Below is a huge (20’’ × 35’’) Louis XVI Antique French Barometer. Notice how the dial runs from 27 in the lower left to 28 at the center top to 29 in the lower right. And notice how, as you said, there are 12 divisions to the “pouce” (the French or Canadian inch), with major divisions at 4/12 and 8/12 indicated with 4’s and 8’s. However, you mentioned the number 5 indicated between the inches on your barometer, which suggests 10 divisions in each pouce, meaning that you have a more modern barometer. This may also mean that it uses a difference pouce.
(https://www.thenakedscientists.com/forum/proxy.php?request=http%3A%2F%2Fwww.cinoa.org%2Fgfx%2F60333.jpg&hash=deb86cc6b59cfe5398a55d9992b55204)
According to Wikipedia:
Pouce, noun, masc, French for “inch” (literally “thumb”) as a unit of measurement.
In France, le pouce du Roi “the Royal inch” measured about 27.142 mm (1.0686 modern inches).
In Quebec, le pouce québécois “the Quebec inch” was assumed to be a Royal inch; however Canada legally defined it as 27.070 mm (1.0658 modern inches)
Both of these old measurements were about 1 1/15 modern inches.
In 1959, on a proposal by Canada, the US, Canada and other nations of the Commonwealth agreed to an inch as exactly 25.4 mm, which continues in the current usage.
Traditionally, the pouce was divided into 12 sections (as you mentioned), but more recently into halves, quarters, eighths, sixteenths, etc (which is what I’ve always used here in America). Your barometer has 0.1 inch divisions obviously because the scientific community divides atmopsheric pressure into decimals (tenths, hundreds, etc), but I don't know when they started doing this.
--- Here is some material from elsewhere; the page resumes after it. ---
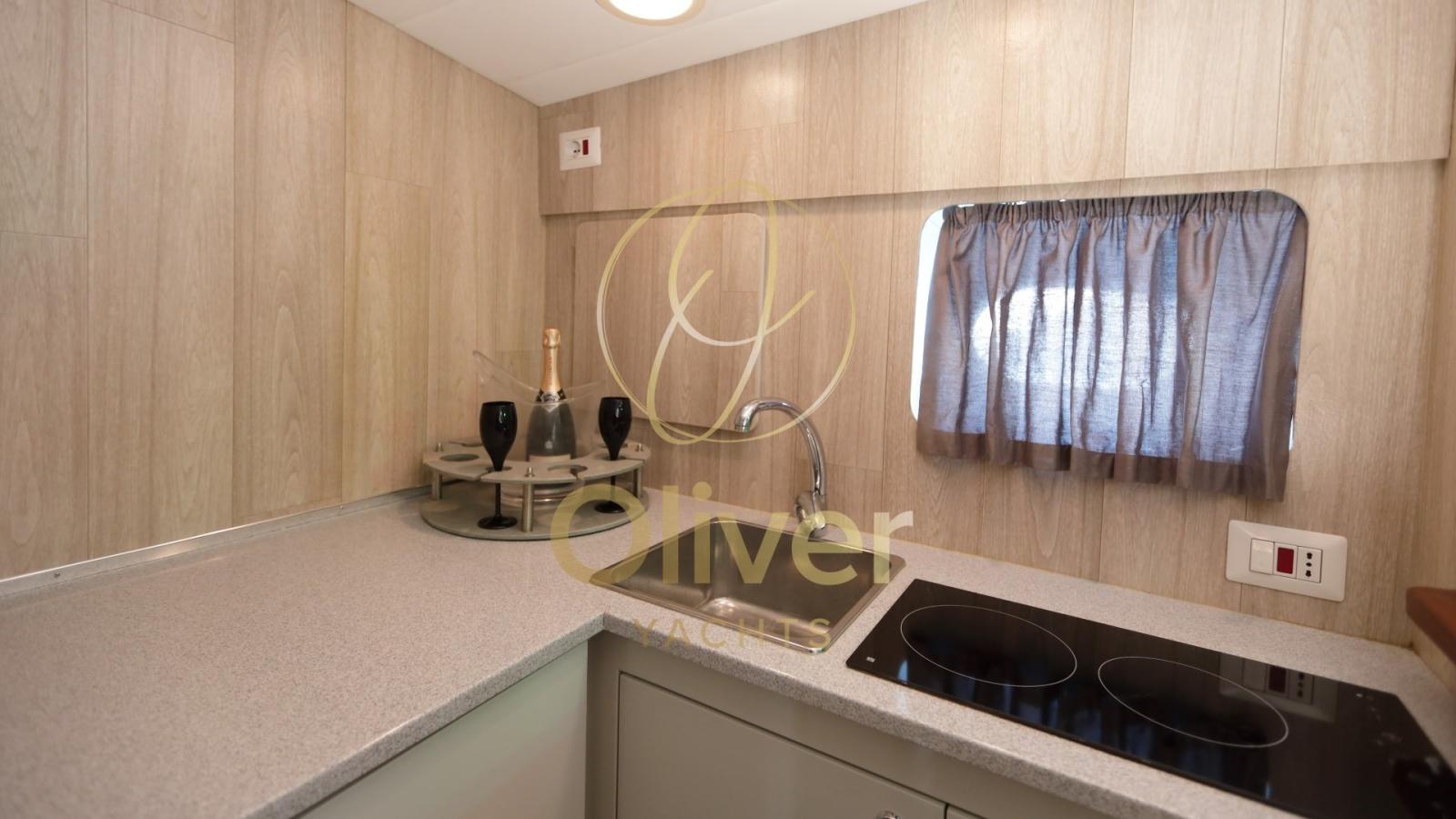Il bagno è stato completamente ridisegnato e posizionato sulla sinistra, al posto della precedente cabina ospiti. Ora offre una doccia separata, lavello moderno e servizi in stile contemporaneo, con ottimizzazione dello spazio e praticità d’uso. Al posto del vecchio bagno è stata ricavata una cucina separata, dotata di doppio piano cottura, frigorifero a cassetti e numerosi vani contenitori. Questa configurazione offre maggiore privacy tra gli spazi di servizio e quelli dedicati alla vita a bordo.

I can’t clearly see where your barometer fits into all this. Perhaps your barometer is dated, even if it’s only a patent date.
I did find these instructions on the medfordclock.com website. You have an aneroid barometer. The term “aneroid” comes from the Greek a + neros, “without liquid” because the sealed bellows contain air (actually, a partial vacuum), and not liquid as old old glass ones did (and they also made scientific ones using mercury.)
How do I adjust my aneroid barometer?
Aneroid barometers have a small screw on the back. With a flat blade screwdriver turn this screw in either direction slightly while looking at the indicator needle. It should move in one direction or the other, tap the barometer to see where the needle settles. Continue until proper pressure reading is obtained. Do not turn the screw counter-clockwise (to the left) too far since it could come out.
How can I relate those measurements to the modern millibar ones?